Kate MacKenzie Comes Out of Retirement to Join Hopeful Gospel Quartet Again!

The Hopeful Gospel Quartet which began one day in 1987 in a chance meeting between Garrison Keillor, Robin and Linda Williams and Kate MacKenzie has been a long time favorite with A Prairie Home Companion Radio Show Fans. 

Left to Right: Garrison Keillor, Linda
Williams, Kate MacKenzie, Robin Williams
After MacKenzie’s retirement in 1999, her position was filled first by Mollie O’Brien and then Carol Elizabeth Jones.

The A Prairie Home Companion Cruise is the catalyst for the reunion of the four original members of the group.  On July 9, the 2011 Prairie Home Cruise sets sail from Boston, heading up the coast to Maine and Nova Scotia, through the Gulf of Saint Lawrence, and on to Montreal, Quebec.

According to Robin Williams, “It'll be a little more
special this year because Kate MacKenzie, our original partner in the Hopeful Gospel Quartet is coming out of retirement and we'll be singing with her for the the first time since 1999.”

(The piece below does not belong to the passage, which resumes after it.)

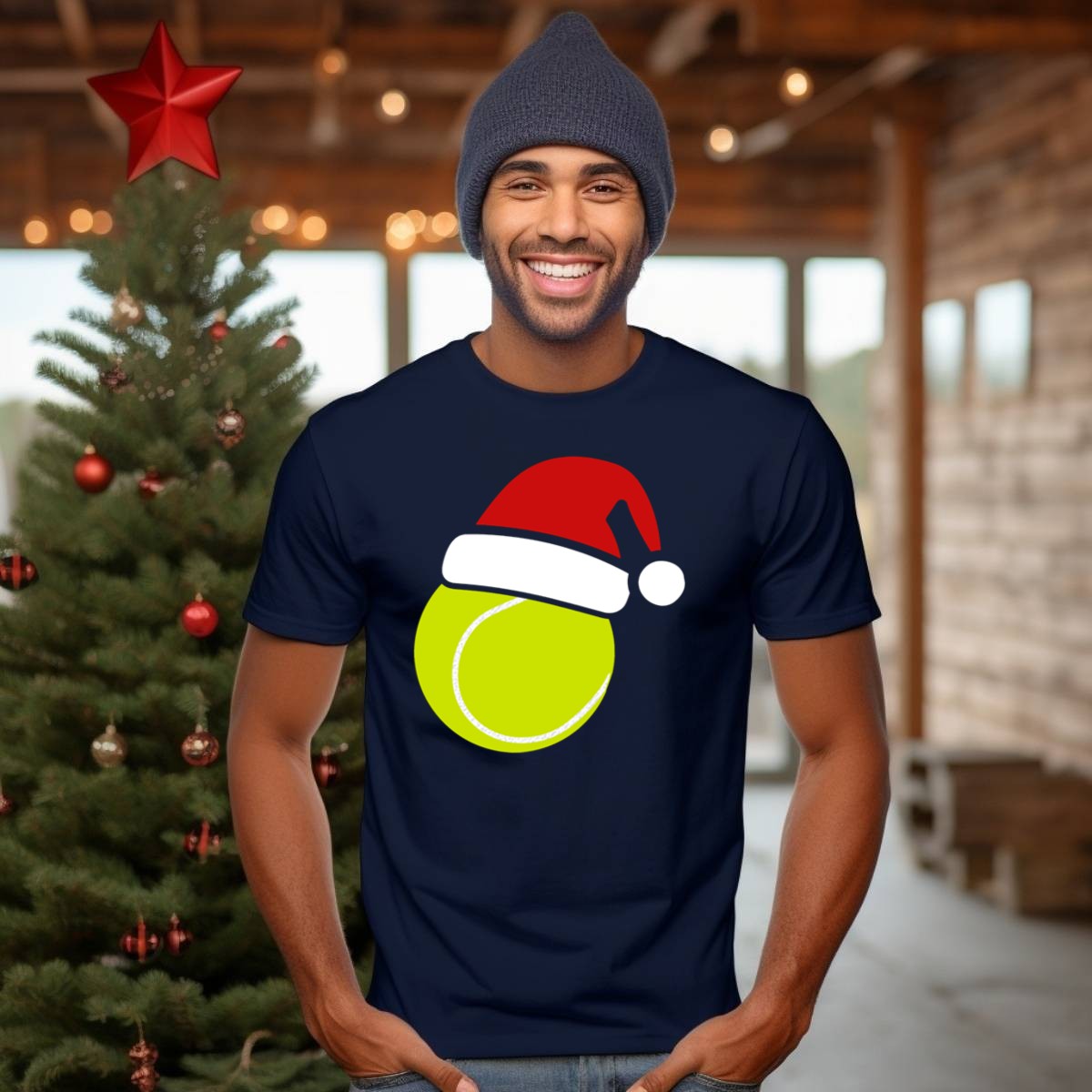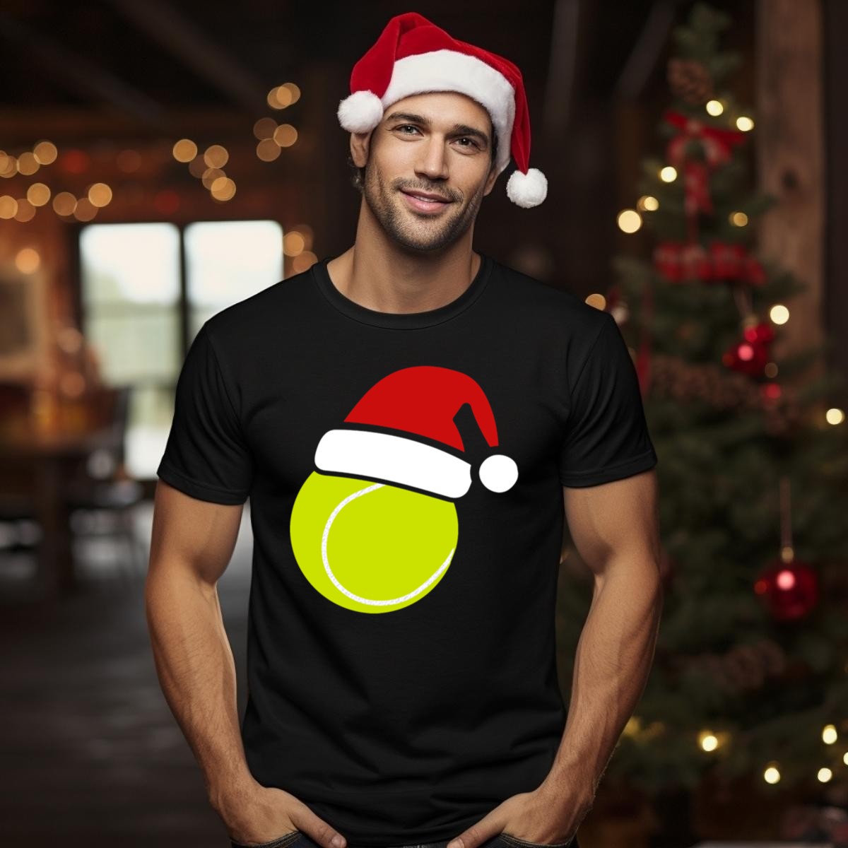 Celebrate the holiday season with our festive Christmas Tennis Ball Santa Hat T-Shirt! Perfect for tennis enthusiasts and holiday lovers alike, this unique fan-made design adds a playful twist to your casual wardrobe. Whether you’re hitting the courts, attending themed events, or just enjoying daily wear, this shirt is a fun way to combine your passion for tennis with the joy of Christmas. Printed with care in the USA, it’s a must-have for those looking to spread cheer and style this season.

MacKenzie has been a favorite guest of A Prairie Home Companion since 1981. For many years, she was lead singer of Stoney Lonesome, with whom she recorded six bluegrass albums, toured Europe, Japan and North America, and was featured in the public television series Showcase and the Nashville Network's Fire on the Mountain. With the Hopeful Gospel Quartet, MacKenzie has recorded a live album from Carnegie Hall, performed at folk festivals in Scotland and Denmark, and was featured on PBS' Austin City Limits. The Hopeful Gospel Quartet's newest recording is Climbing Up on the Rough Side, on the HighBridge label. MacKenzie's work with A Prairie Home Companion has included co-host roles in several Prairie Home broadcasts, coast-to-coast tours, farewell and reunion shows, 20 Disney Channel television broadcasts, the 1993 Book of Guys tour, and a recurring dramatic role as Sheila, the Christian Jungle girl (wild, yet pure). MacKenzie's first solo album, Let Them Talk (Red House Records), received enthusiastic reviews and was on the National Bluegrass Charts for 10 months. A second solo album, Age of Innocence (Red House), was released last fall and earned MacKenzie a Grammy nomination for Best Bluegrass Album. MacKenzie's success was noted in The New York Times, which grouped her in "the new wave of strong female voices."